Direct support for any given framework (npm included) would give the impression that we endorse that framework, and endorsement of third-party projects is something we actively avoid.
In-memory SQLite databases don't use WAL. Wasm (and browser Wasm, in particular) doesn't support anything like the shared memory APIs SQLite wants for its WAL mode.
Litestream requires a very precise WAL setup to work (which just so happens to work with the default native SQLite setup, but is hard to replicate with Wasm).
Cloudflare Durable Objects may have been inspired by Litestream but works very differently (as do LiteFS, Turso, etc…)
The general idea of streaming changes from SQLite would work, but it's a lot of work, and the concurrency model of in-browser Wasm will make it challenging to implement.

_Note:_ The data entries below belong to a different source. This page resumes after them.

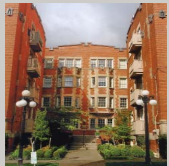
Trinity Place Apartments, Portland, OR
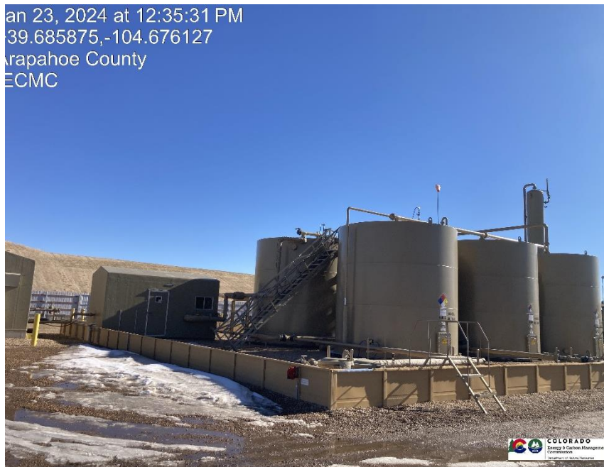
Pic 7 Tanks, LACT

an 23, 2024 at 12:35:31 PM 39.685875,-104.676127 rapahoe County ECMC
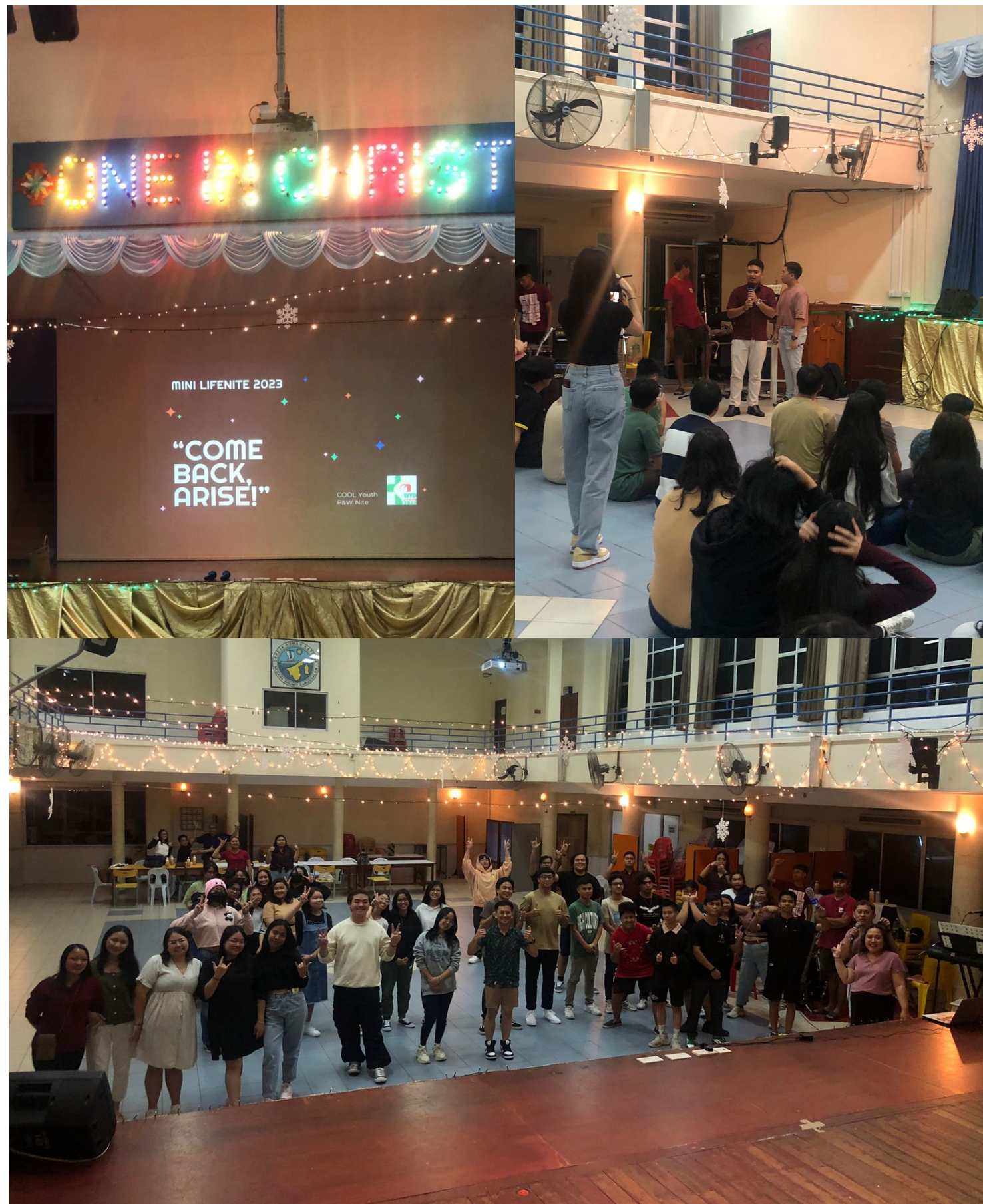
COOL Youth Praise & Worship (4 February)

"Love has a bigger table Show me who is my neighbor The Christ hidden in the beggar"
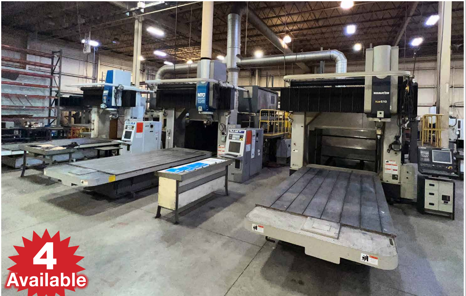
KOMATSU, NTC and BODOR CNC Laser Cutters

ASSET LOCATION: 3199 Lapeer Road, Auburn Hills, MI 48326

(I wrote that forum post some time ago, and have WAL working in a server side Wasm build of SQLite, but none of the options to make it work would make much sense, or be possible, in browser)
A bit confused at this, NPM is just a package manager / distribution mechanism, not a framework. Totally fair if you don't want to publish for all the package managers, though for Javascript there's only a few that are relevant. NPM has been around for a decade.
I'm gearing up for a 0.2 release this week which should iron out a few kinks, but otherwise you can use the diesel ORM as if its native
It's an out-of-language packaging/distribution framework (and it's not the only one). It's not part of the JS standards.
My comments above have been edited to reframe our stance on npm and frameworks in general.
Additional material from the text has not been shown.